=== Section Start ===
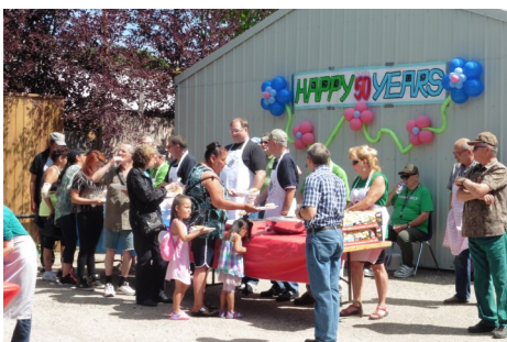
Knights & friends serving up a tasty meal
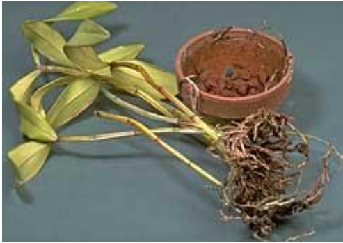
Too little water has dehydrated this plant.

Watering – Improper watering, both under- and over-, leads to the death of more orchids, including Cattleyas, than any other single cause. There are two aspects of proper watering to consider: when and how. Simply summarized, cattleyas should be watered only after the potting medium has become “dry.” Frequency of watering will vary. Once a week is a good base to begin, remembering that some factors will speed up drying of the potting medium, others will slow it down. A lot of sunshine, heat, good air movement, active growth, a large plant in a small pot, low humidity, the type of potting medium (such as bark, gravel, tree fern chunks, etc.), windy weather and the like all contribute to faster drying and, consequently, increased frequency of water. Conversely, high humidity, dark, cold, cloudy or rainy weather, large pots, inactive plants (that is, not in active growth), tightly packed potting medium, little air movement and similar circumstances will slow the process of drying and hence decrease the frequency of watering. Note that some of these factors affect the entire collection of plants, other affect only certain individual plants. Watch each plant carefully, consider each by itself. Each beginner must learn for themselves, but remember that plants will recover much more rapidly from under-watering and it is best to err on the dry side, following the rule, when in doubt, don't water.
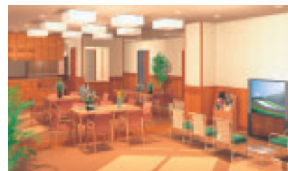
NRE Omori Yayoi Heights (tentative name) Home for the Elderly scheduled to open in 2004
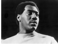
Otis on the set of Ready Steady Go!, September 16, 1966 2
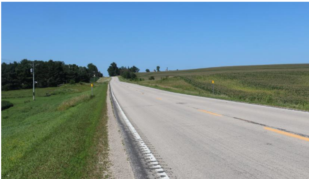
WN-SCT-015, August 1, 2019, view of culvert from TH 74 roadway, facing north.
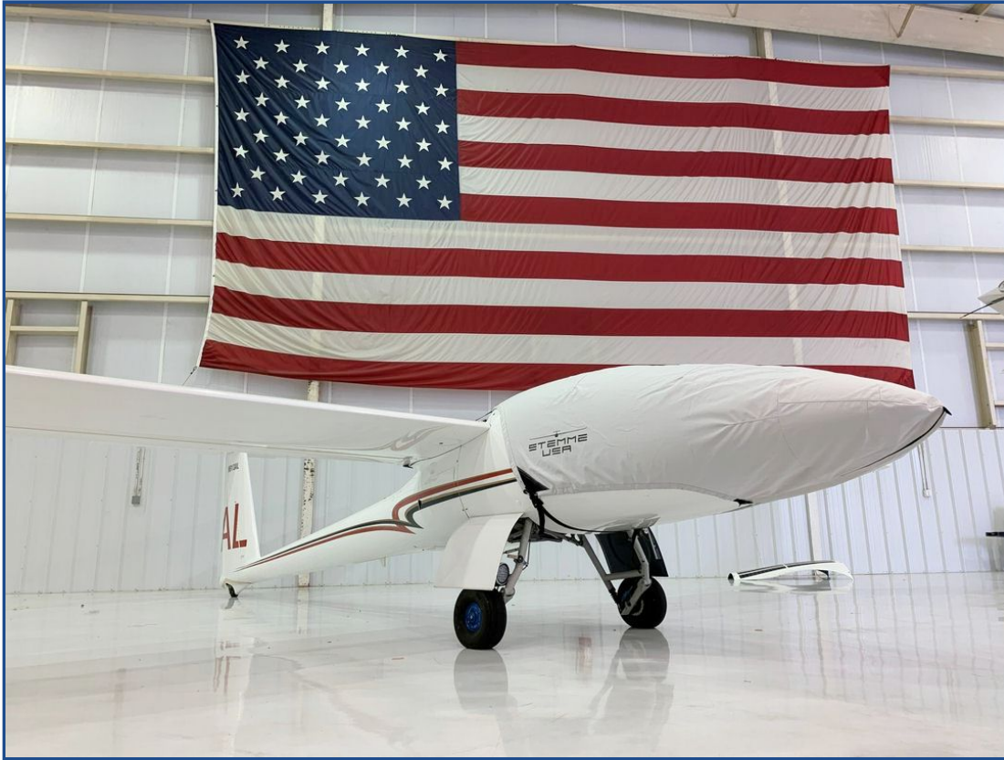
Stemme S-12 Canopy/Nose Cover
=== Section End ===
=== Section Start ===
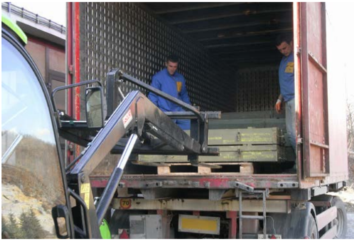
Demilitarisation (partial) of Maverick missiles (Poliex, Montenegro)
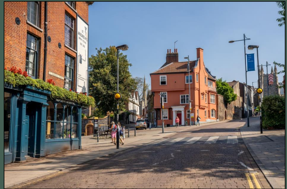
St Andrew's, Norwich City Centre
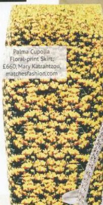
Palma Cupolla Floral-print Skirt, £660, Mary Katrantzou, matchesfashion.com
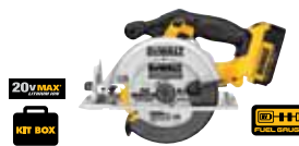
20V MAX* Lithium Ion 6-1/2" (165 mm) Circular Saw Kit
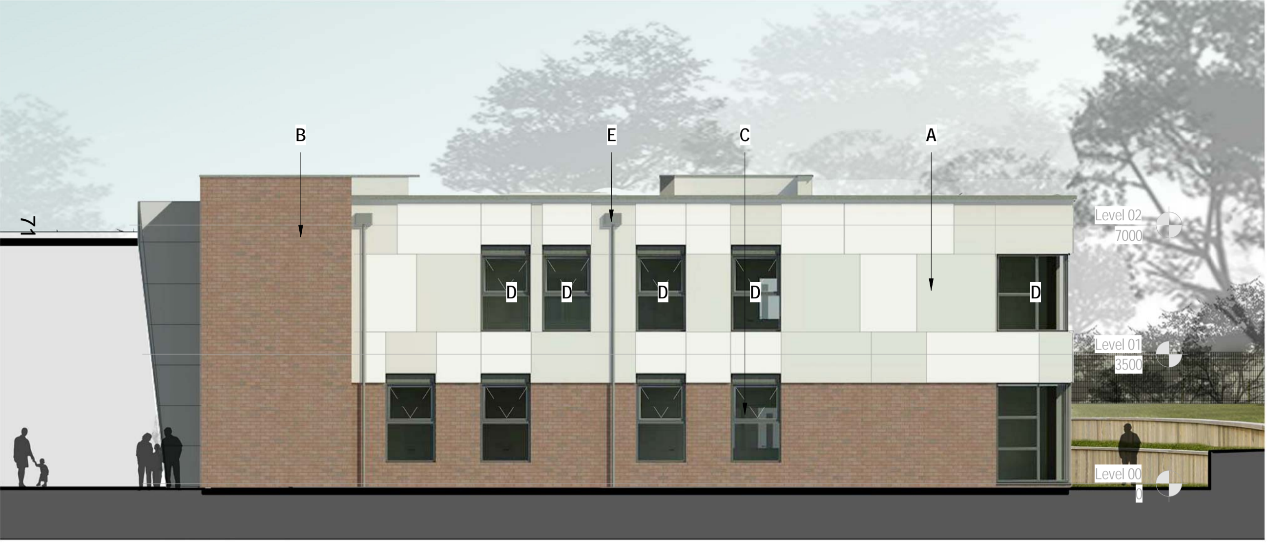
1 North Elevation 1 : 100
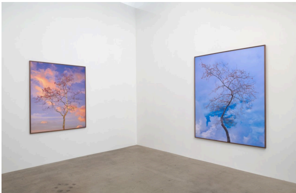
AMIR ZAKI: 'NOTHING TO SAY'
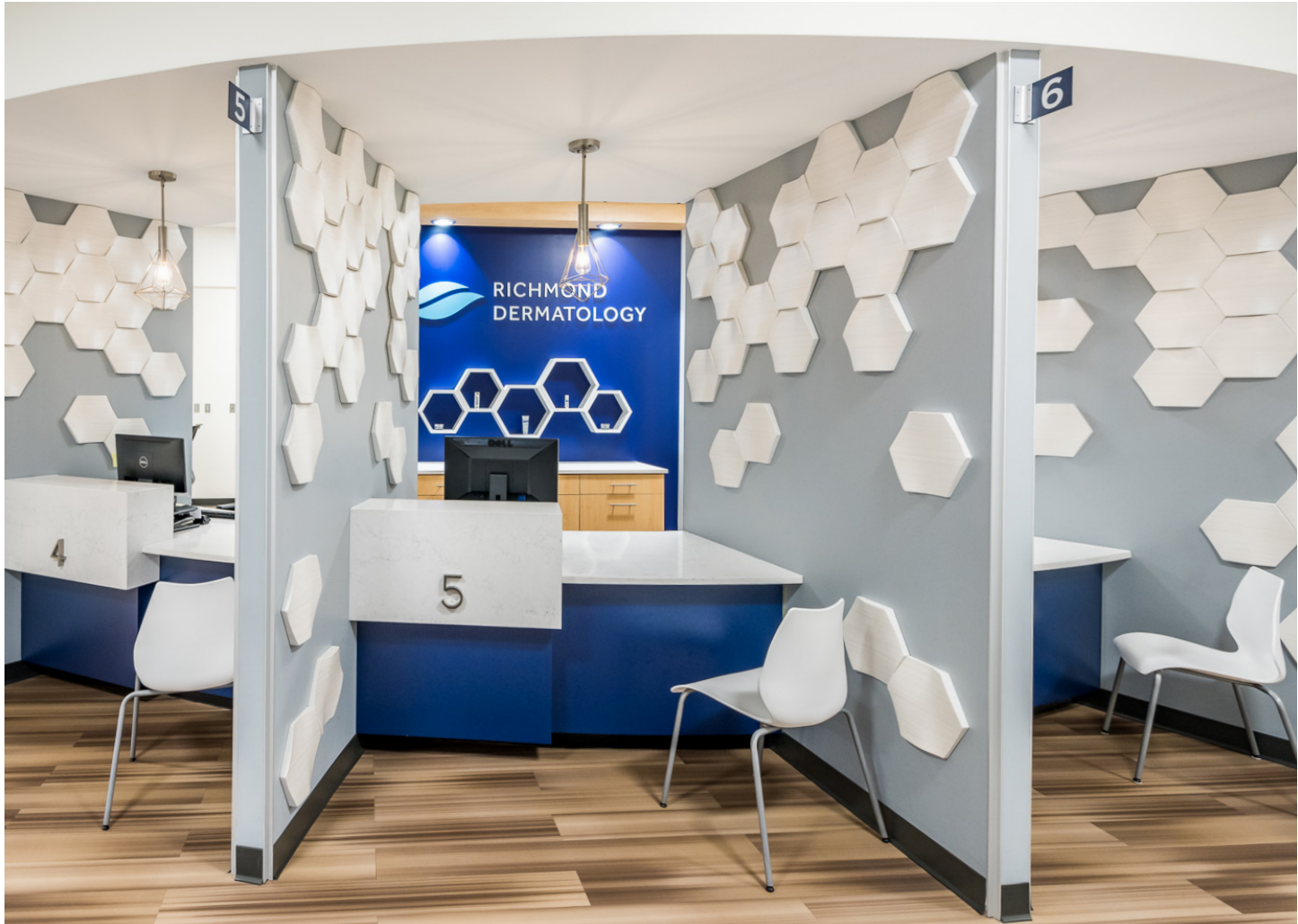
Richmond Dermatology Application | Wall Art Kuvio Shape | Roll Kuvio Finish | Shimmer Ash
=== Section End ===
__ABOUT THIS TASK__
Scan the material above for the string "from" and return the lines that hold it.

__SOLUTION TO THIS EXERCISE__
Watering – Improper watering, both under- and over-, leads to the death of more orchids, including Cattleyas, than any other single cause. There are two aspects of proper watering to consider: when and how. Simply summarized, cattleyas should be watered only after the potting medium has become “dry.” Frequency of watering will vary. Once a week is a good base to begin, remembering that some factors will speed up drying of the potting medium, others will slow it down. A lot of sunshine, heat, good air movement, active growth, a large plant in a small pot, low humidity, the type of potting medium (such as bark, gravel, tree fern chunks, etc.), windy weather and the like all contribute to faster drying and, consequently, increased frequency of water. Conversely, high humidity, dark, cold, cloudy or rainy weather, large pots, inactive plants (that is, not in active growth), tightly packed potting medium, little air movement and similar circumstances will slow the process of drying and hence decrease the frequency of watering. Note that some of these factors affect the entire collection of plants, other affect only certain individual plants. Watch each plant carefully, consider each by itself. Each beginner must learn for themselves, but remember that plants will recover much more rapidly from under-watering and it is best to err on the dry side, following the rule, when in doubt, don't water.
WN-SCT-015, August 1, 2019, view of culvert from TH 74 roadway, facing north.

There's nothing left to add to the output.